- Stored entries
· · ·

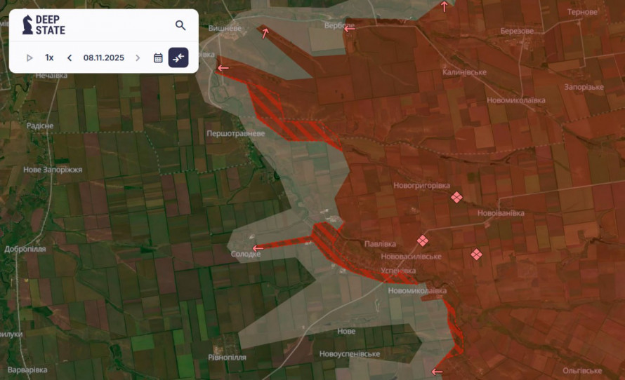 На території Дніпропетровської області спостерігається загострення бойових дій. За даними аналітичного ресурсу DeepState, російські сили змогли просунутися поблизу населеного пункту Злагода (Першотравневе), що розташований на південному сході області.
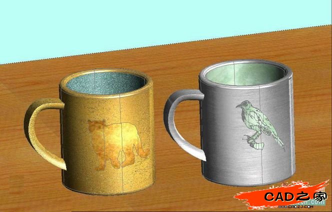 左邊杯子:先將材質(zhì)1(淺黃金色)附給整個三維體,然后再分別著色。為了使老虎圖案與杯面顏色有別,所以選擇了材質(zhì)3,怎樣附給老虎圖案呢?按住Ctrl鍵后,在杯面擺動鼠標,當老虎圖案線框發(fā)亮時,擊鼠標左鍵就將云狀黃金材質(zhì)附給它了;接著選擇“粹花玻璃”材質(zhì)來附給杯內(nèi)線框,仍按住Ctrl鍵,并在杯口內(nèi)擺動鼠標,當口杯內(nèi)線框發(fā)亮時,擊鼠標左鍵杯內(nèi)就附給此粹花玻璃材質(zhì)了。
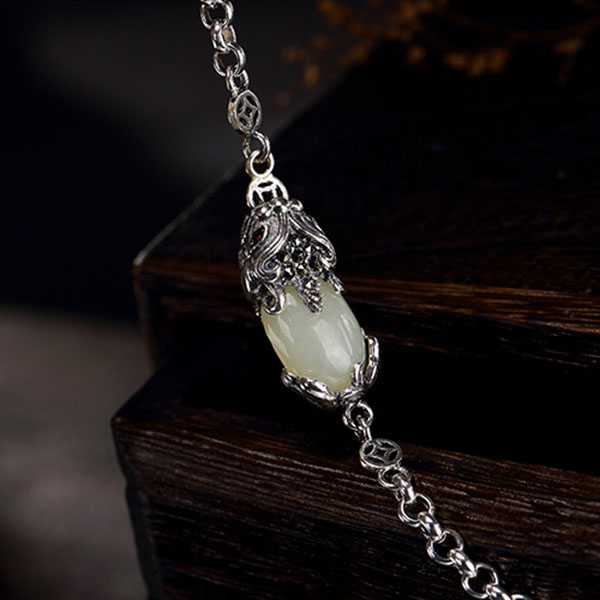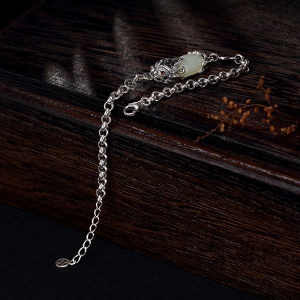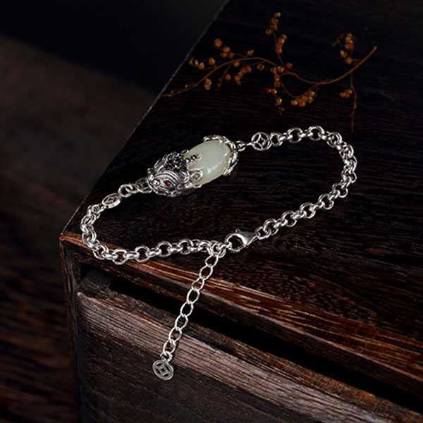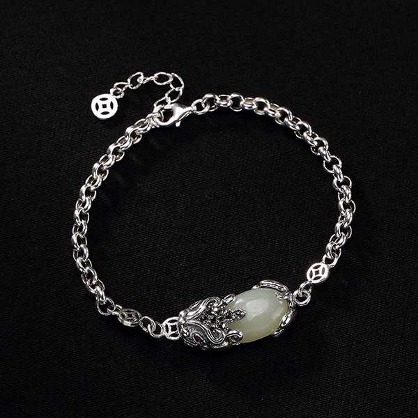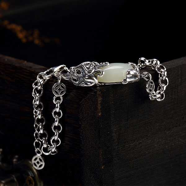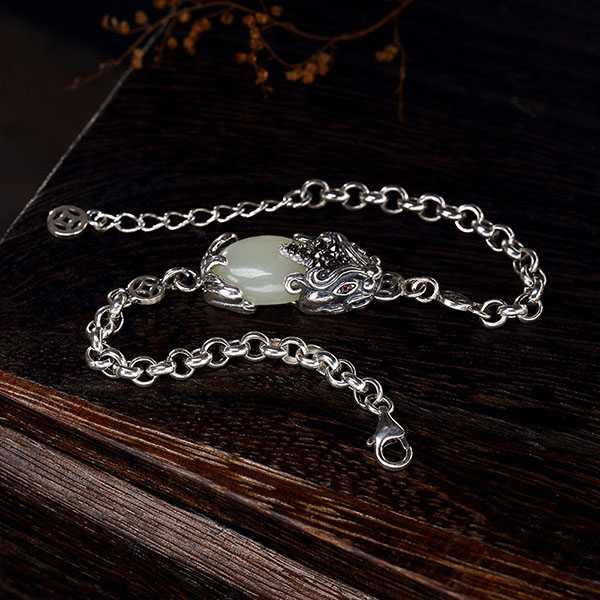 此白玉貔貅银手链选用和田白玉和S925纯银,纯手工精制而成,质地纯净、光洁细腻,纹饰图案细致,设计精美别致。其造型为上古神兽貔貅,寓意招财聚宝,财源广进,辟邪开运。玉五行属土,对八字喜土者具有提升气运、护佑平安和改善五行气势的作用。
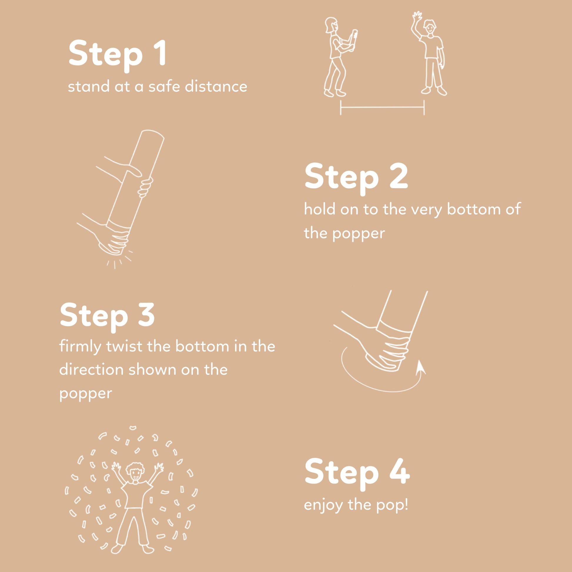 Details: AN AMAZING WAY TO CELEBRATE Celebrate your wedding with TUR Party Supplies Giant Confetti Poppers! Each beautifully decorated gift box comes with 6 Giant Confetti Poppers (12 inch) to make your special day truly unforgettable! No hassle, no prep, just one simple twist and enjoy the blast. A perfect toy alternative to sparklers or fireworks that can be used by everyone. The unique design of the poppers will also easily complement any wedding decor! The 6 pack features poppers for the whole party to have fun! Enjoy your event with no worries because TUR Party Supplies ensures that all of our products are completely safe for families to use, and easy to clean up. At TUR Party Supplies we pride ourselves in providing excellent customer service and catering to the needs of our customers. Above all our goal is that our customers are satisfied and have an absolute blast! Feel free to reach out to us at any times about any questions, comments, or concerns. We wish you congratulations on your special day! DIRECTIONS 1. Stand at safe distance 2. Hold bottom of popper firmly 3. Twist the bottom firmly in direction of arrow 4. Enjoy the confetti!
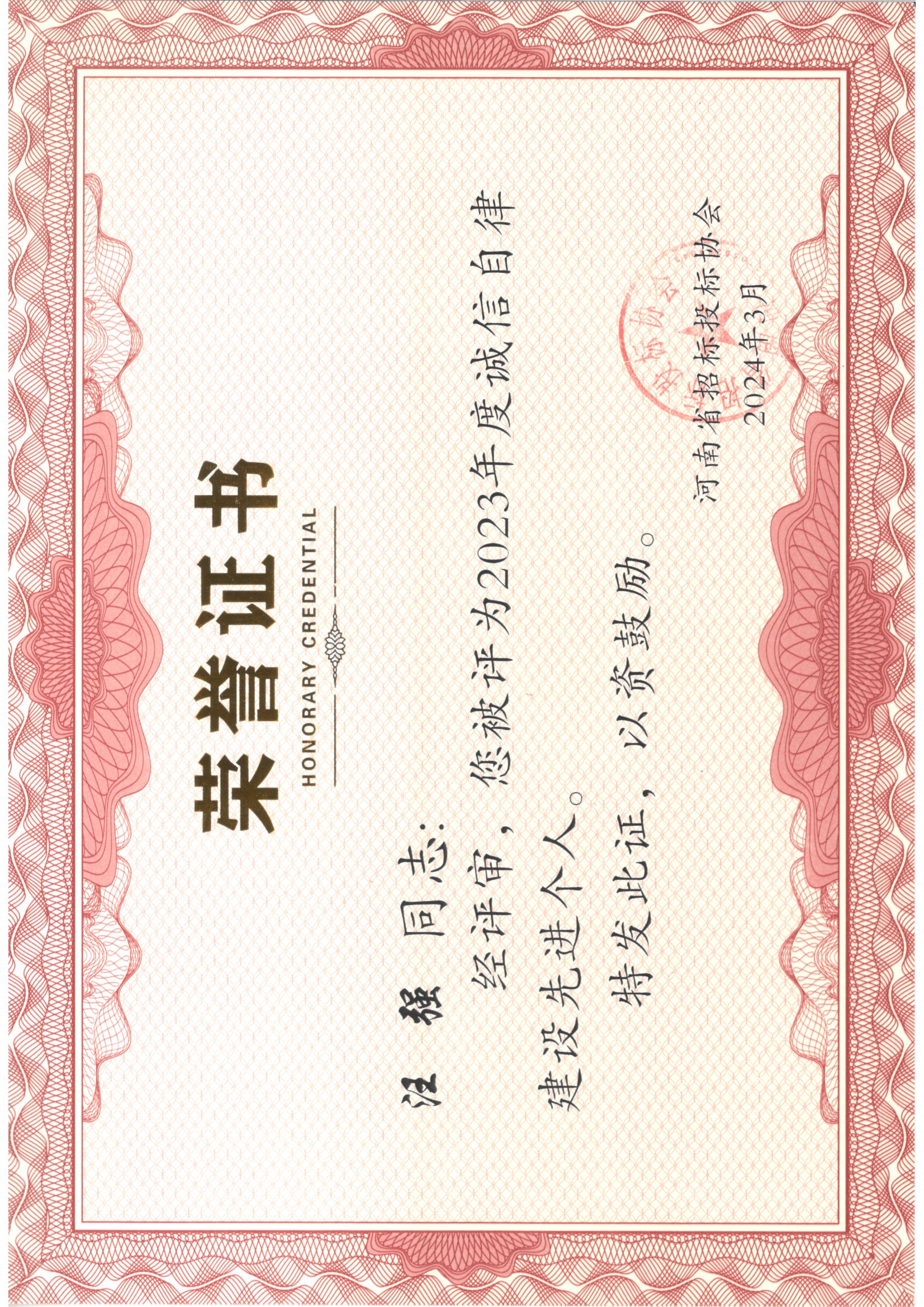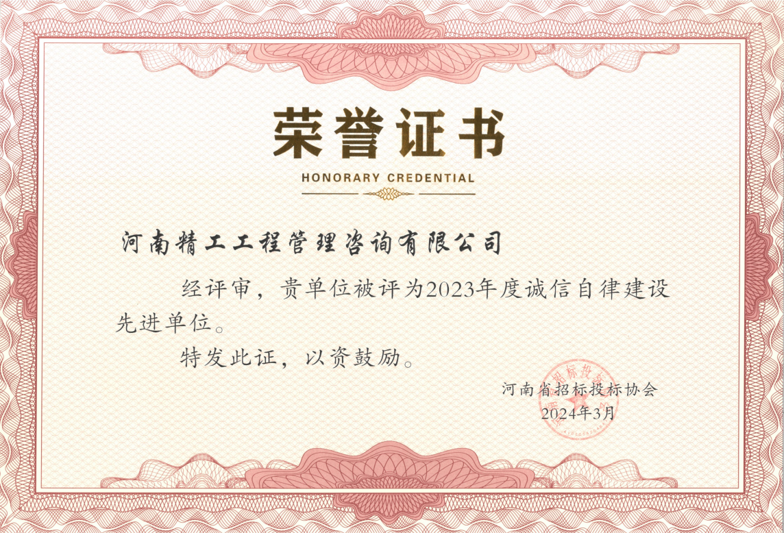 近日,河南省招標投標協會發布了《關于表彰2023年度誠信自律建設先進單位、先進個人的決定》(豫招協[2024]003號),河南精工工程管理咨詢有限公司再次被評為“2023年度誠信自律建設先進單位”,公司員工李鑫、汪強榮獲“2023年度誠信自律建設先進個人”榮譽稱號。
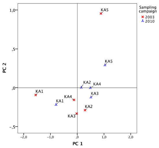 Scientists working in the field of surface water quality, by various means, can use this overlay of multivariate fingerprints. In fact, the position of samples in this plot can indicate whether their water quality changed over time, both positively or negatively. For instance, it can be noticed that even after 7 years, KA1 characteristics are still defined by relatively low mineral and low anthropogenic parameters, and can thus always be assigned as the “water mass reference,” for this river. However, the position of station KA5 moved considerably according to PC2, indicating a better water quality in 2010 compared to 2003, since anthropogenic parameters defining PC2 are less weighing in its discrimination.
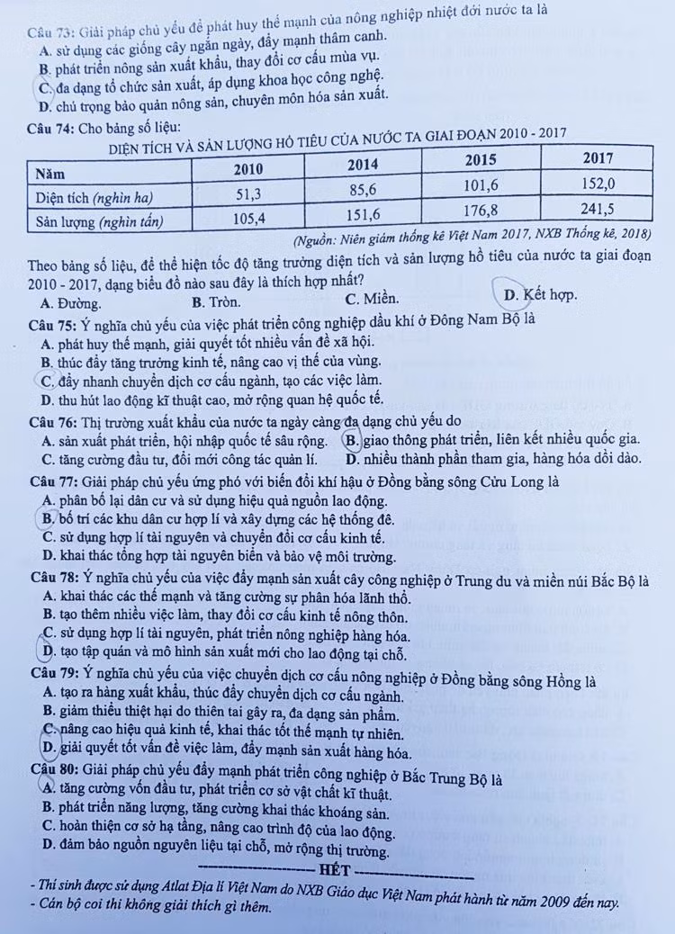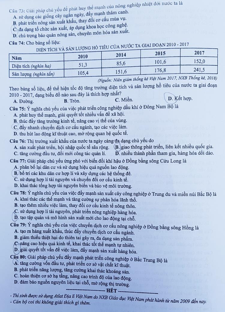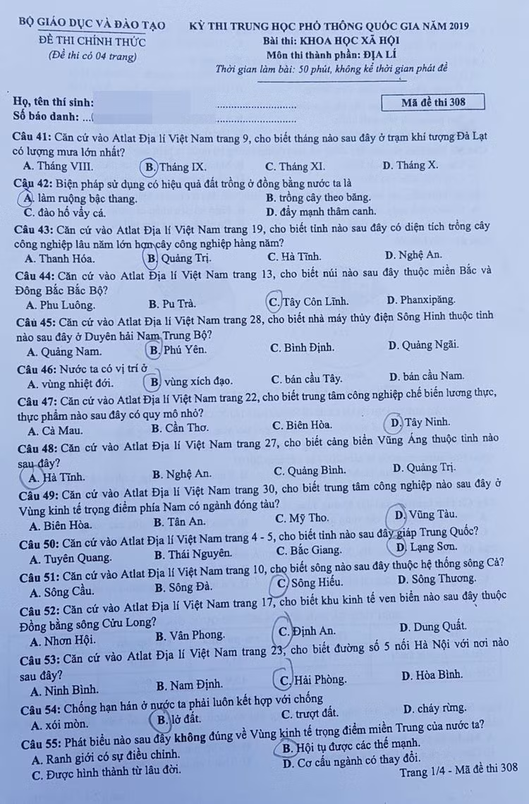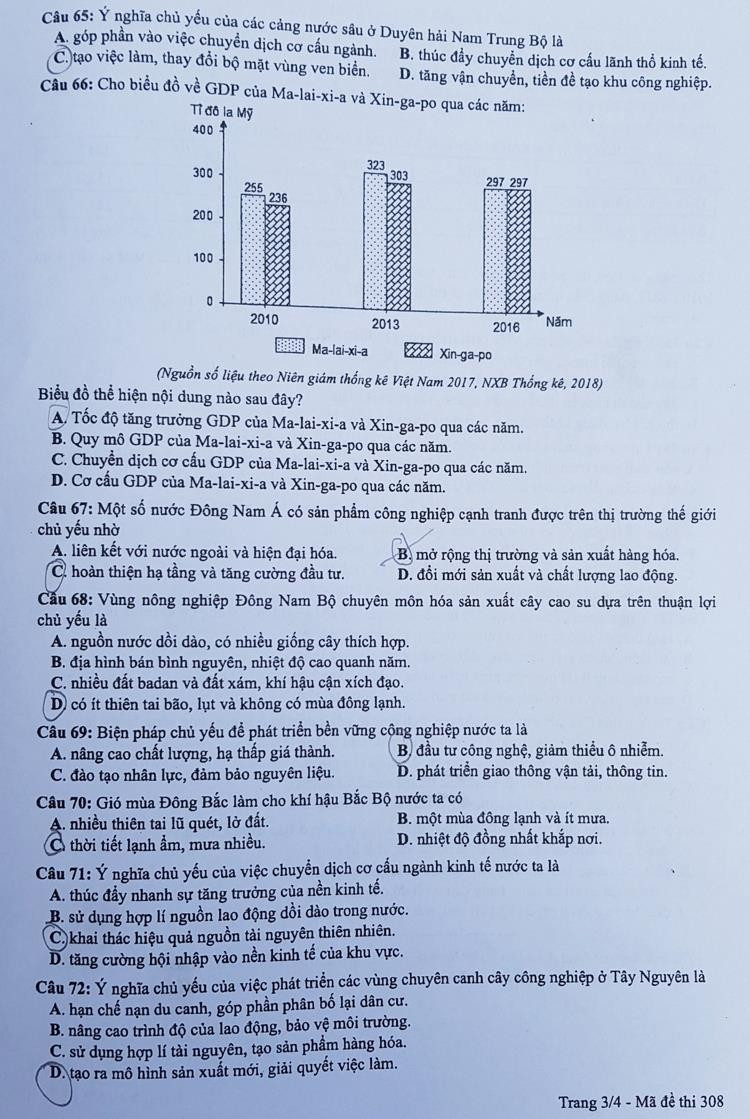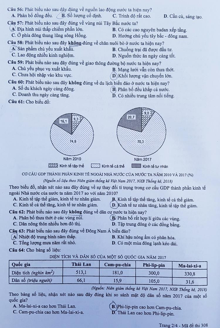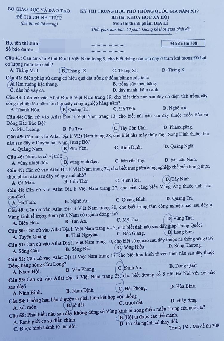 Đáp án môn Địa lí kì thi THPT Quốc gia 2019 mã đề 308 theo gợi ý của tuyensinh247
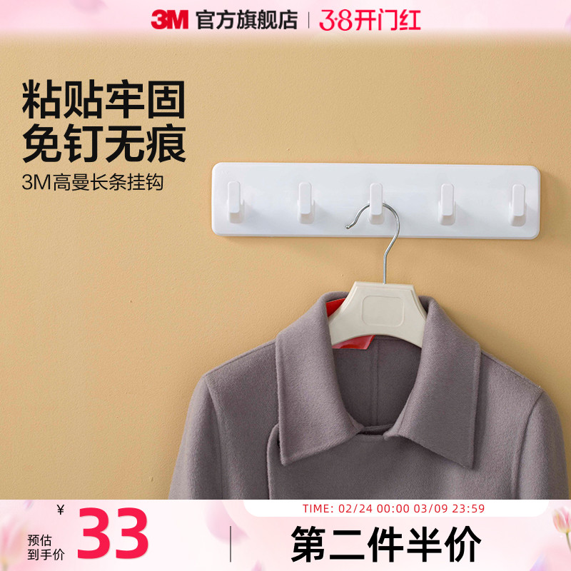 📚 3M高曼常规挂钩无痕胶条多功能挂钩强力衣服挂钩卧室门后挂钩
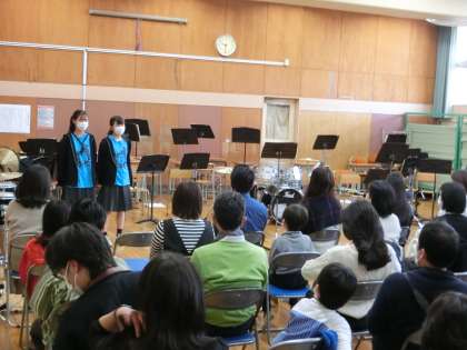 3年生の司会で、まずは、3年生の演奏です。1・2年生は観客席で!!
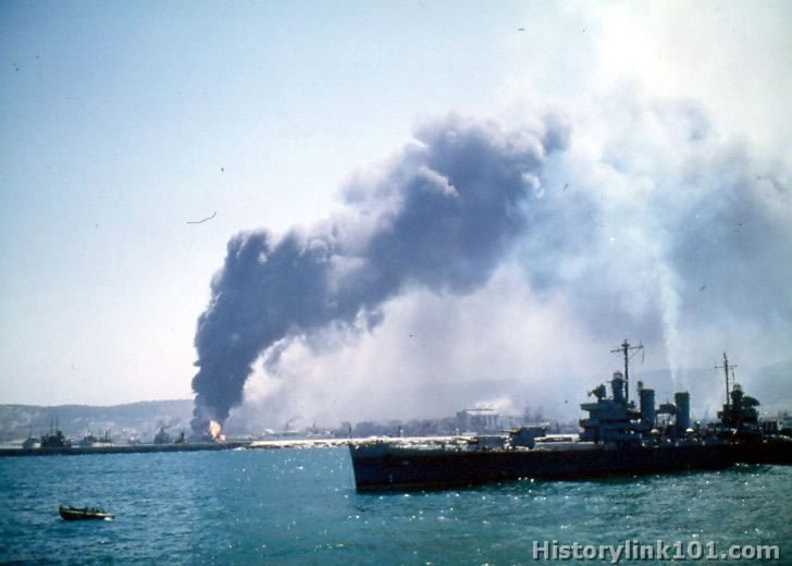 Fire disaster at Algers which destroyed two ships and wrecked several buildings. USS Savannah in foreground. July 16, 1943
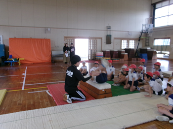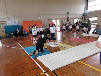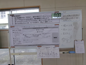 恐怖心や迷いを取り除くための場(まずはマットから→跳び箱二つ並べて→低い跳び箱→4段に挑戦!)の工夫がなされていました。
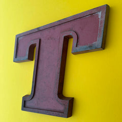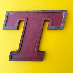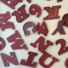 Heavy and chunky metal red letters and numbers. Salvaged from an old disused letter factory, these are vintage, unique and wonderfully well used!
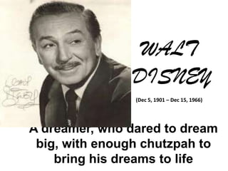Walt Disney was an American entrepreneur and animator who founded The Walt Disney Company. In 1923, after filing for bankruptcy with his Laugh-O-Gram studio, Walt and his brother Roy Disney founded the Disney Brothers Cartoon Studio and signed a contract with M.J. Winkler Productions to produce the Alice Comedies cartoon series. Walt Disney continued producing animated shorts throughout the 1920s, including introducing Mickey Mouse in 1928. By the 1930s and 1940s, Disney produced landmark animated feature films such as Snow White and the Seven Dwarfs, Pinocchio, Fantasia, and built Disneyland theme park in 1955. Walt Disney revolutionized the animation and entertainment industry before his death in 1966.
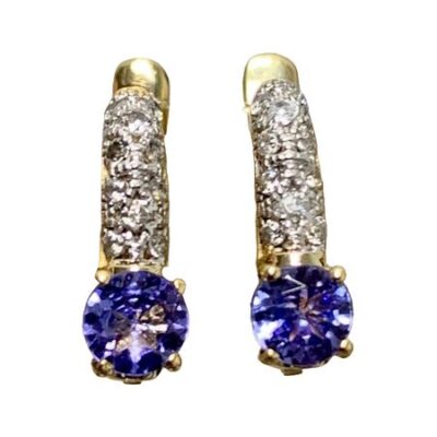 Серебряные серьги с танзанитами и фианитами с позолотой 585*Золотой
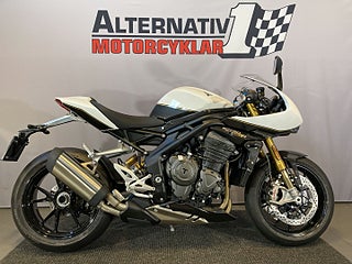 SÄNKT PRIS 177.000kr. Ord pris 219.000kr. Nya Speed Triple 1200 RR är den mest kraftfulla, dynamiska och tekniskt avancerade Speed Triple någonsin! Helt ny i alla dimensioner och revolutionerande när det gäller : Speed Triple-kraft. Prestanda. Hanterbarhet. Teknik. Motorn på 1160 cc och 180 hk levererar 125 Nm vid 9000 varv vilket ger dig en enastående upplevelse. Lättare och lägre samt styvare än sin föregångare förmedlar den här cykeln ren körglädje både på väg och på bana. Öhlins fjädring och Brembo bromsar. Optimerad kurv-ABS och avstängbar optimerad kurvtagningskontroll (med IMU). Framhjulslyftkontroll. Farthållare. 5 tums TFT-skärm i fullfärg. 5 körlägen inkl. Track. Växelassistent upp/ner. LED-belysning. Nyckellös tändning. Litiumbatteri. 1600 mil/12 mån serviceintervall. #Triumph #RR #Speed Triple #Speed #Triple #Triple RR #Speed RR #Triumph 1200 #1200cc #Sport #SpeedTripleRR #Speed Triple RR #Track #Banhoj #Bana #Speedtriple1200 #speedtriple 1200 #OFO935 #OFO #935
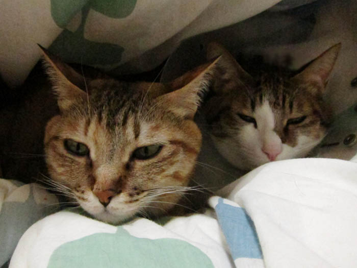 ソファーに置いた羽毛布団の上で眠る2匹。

· · ·

- WHAT IS REQUIRED
Each line from the one with "Fire disaster at" through the end of the entries should be reproduced exactly. Leave out the pictures.

- SOLUTION
 Fire disaster at Algers which destroyed two ships and wrecked several buildings. USS Savannah in foreground. July 16, 1943
 恐怖心や迷いを取り除くための場(まずはマットから→跳び箱二つ並べて→低い跳び箱→4段に挑戦!)の工夫がなされていました。
 Heavy and chunky metal red letters and numbers. Salvaged from an old disused letter factory, these are vintage, unique and wonderfully well used!
Walt Disney was an American entrepreneur and animator who founded The Walt Disney Company. In 1923, after filing for bankruptcy with his Laugh-O-Gram studio, Walt and his brother Roy Disney founded the Disney Brothers Cartoon Studio and signed a contract with M.J. Winkler Productions to produce the Alice Comedies cartoon series. Walt Disney continued producing animated shorts throughout the 1920s, including introducing Mickey Mouse in 1928. By the 1930s and 1940s, Disney produced landmark animated feature films such as Snow White and the Seven Dwarfs, Pinocchio, Fantasia, and built Disneyland theme park in 1955. Walt Disney revolutionized the animation and entertainment industry before his death in 1966.
 Серебряные серьги с танзанитами и фианитами с позолотой 585*Золотой
 SÄNKT PRIS 177.000kr. Ord pris 219.000kr. Nya Speed Triple 1200 RR är den mest kraftfulla, dynamiska och tekniskt avancerade Speed Triple någonsin! Helt ny i alla dimensioner och revolutionerande när det gäller : Speed Triple-kraft. Prestanda. Hanterbarhet. Teknik. Motorn på 1160 cc och 180 hk levererar 125 Nm vid 9000 varv vilket ger dig en enastående upplevelse. Lättare och lägre samt styvare än sin föregångare förmedlar den här cykeln ren körglädje både på väg och på bana. Öhlins fjädring och Brembo bromsar. Optimerad kurv-ABS och avstängbar optimerad kurvtagningskontroll (med IMU). Framhjulslyftkontroll. Farthållare. 5 tums TFT-skärm i fullfärg. 5 körlägen inkl. Track. Växelassistent upp/ner. LED-belysning. Nyckellös tändning. Litiumbatteri. 1600 mil/12 mån serviceintervall. #Triumph #RR #Speed Triple #Speed #Triple #Triple RR #Speed RR #Triumph 1200 #1200cc #Sport #SpeedTripleRR #Speed Triple RR #Track #Banhoj #Bana #Speedtriple1200 #speedtriple 1200 #OFO935 #OFO #935
 ソファーに置いた羽毛布団の上で眠る2匹。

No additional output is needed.